# Wild Allgator?



## naclh2oDave (Apr 8, 2008)

A friend of mine gave me several pounds of wild gator meat. I have never actually cooked wild gator before. Any suggestions for preparation and recipes?


----------



## TheRoguePirate (Nov 3, 2011)

cook in large wok style pan, penut oil on medium. bread it like chicken, just not too much. only cook till a LIGHT golden brown, if its actually to dark the meat gets tough and chewy. Im jealous!!!


----------



## SouthAlabamaSlayer (Oct 13, 2011)

Blacken Or fry like fish and make into gator tacos.


----------



## tyler0421 (Jan 10, 2008)

Take it and marinate it in beer brat mustard and beer for a couple hours and then use waterever batter you desire and throw it in the fryer. Had some Saturday like this and it was awsome. Actually did some wild turkey breast the same way...


----------



## jakec (Oct 14, 2010)

oh man that stuffs nasty. ill come dispose of it for you if you want. im jealous too!


----------



## naclh2oDave (Apr 8, 2008)

Thanks,I'll try that! I love some wild turkey fried up too!

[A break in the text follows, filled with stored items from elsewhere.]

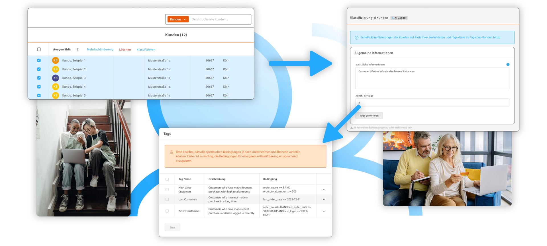 Um diese Funktion zu verwenden, wählt man zunächst in der Kundenübersicht alle relevanten Kunden aus und startet dann die Klassifizierung. Dabei können optional zusätzliche Informationen angegeben werden, die für die Klassifizierung wichtig sind. Nach dem Generieren der Tags können diese noch manuell angepasst und anschließend den entsprechenden Kunden zugewiesen werden.
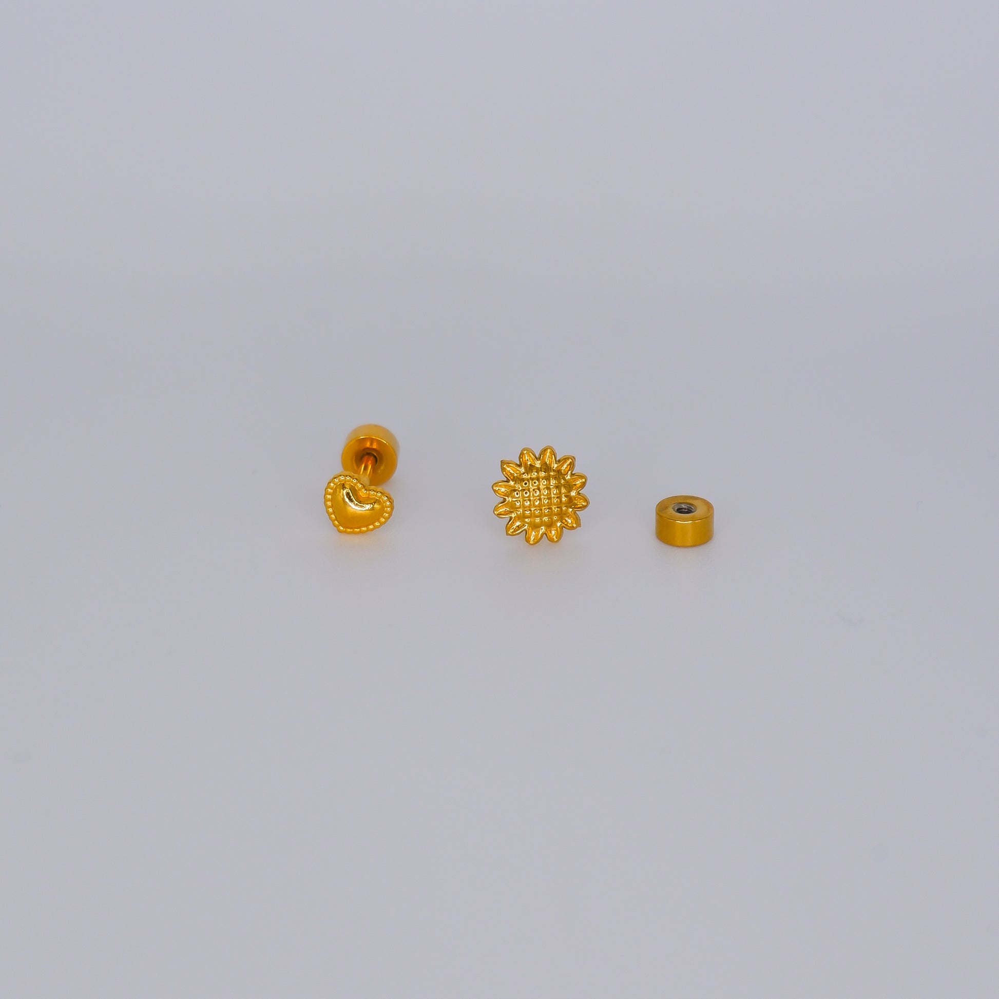 Piercing Bolinha Aço Inoxidável Coração e Girassol
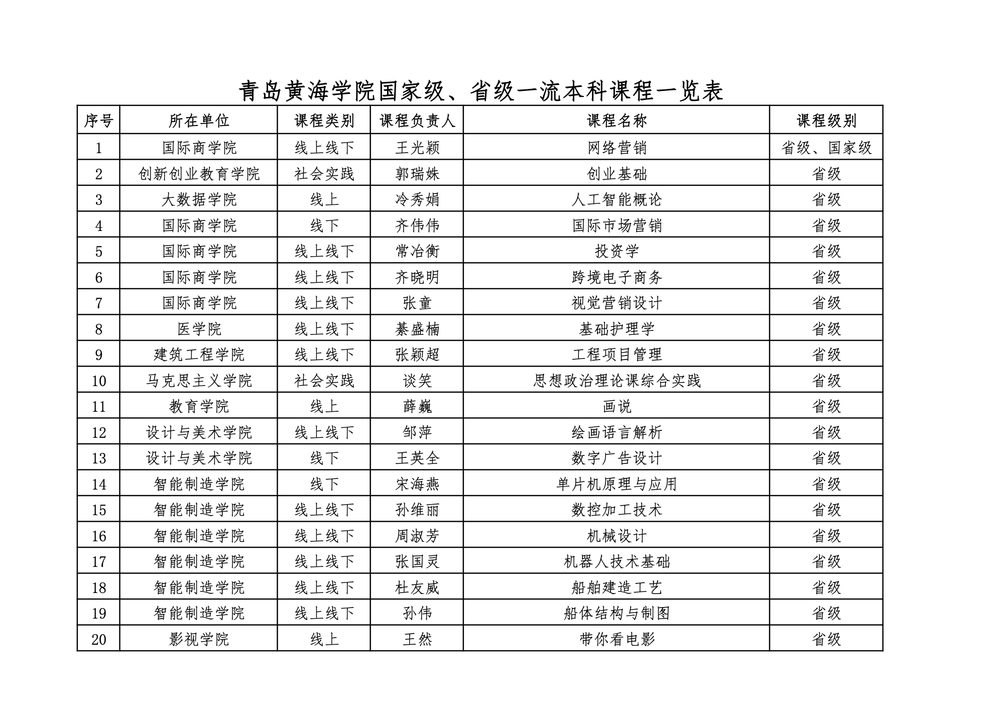 800cc全讯白菜网主站国家级、省级一流本科课程一览
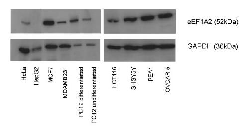 Figure 1. Western blot analysis using an anti-eEF1A2 antibody on a range of cell lines. The loading control is GAPDH.
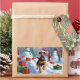 A heartwarming holiday illustration featuring a cheerful dog playing in the snow, wearing a Santa hat and surrounded by colourful gift boxes. In the background, children build a snowman beside a snow-covered Christmas tree, creating a joyful winter wonderland. Perfect for spreading holiday cheer and capturing the magic of Christmas.

For Blackening should I high heat or long heat? Does anyone soak in butter milk or take any special precautions to marinate before hand?





tyler0421 said:


> Take it and marinate it in beer brat mustard and beer for a couple hours and then use waterever batter you desire and throw it in the fryer. Had some Saturday like this and it was awsome. Actually did some wild turkey breast the same way...


----------



## Paymaster (Jan 9, 2012)

*Alligator Beignets/Fritters*

*1 egg beaten*
*1 lb chopped cooked gator meat(I cooked mine just before mixing)*
*4 green onions chopped*
*1/2 tsp salt*
*1/2 tsp cayenne pepper*
*1.5 tsp melted butter*
*1/3 cup flour*

*After cooking gator meat mix all the above in a bowl until combined completely. Heat oil in a skillet deep enough to fry beignets. With a table spoon scoop up the mix and ease into hot oil one spoon full at a time. Skillet should hold four or five without them touching. Fry to a golden brown on both sides.*

*Dipping sauce*

*3/4 cup mayo*
*1/2 cup ketchup*
*1/4 tsp prepared horseradish*

*Blend the ingredients and add hot sauce to taste. *


----------



## naclh2oDave (Apr 8, 2008)

Turns out that the package that I took out of the freezer was ground gator. So I decided to make Gator Balls.


----------



## Paymaster (Jan 9, 2012)

Looks great!!!!!!!!!!!!!!!!!:thumbup:


----------



## SouthAlabamaSlayer (Oct 13, 2011)

Yummy! Blackening is high heat, smaller strips cook better.


----------



## baldona523 (Mar 2, 2008)

I have also marinated it in italian dressing and grilled it until it is just barely done. It is very good like grilled chicken this way, I am not sure if it is the best way but it is the easiest to me. I try to cut all the pieces into similar sizes so they all cook about the same.


----------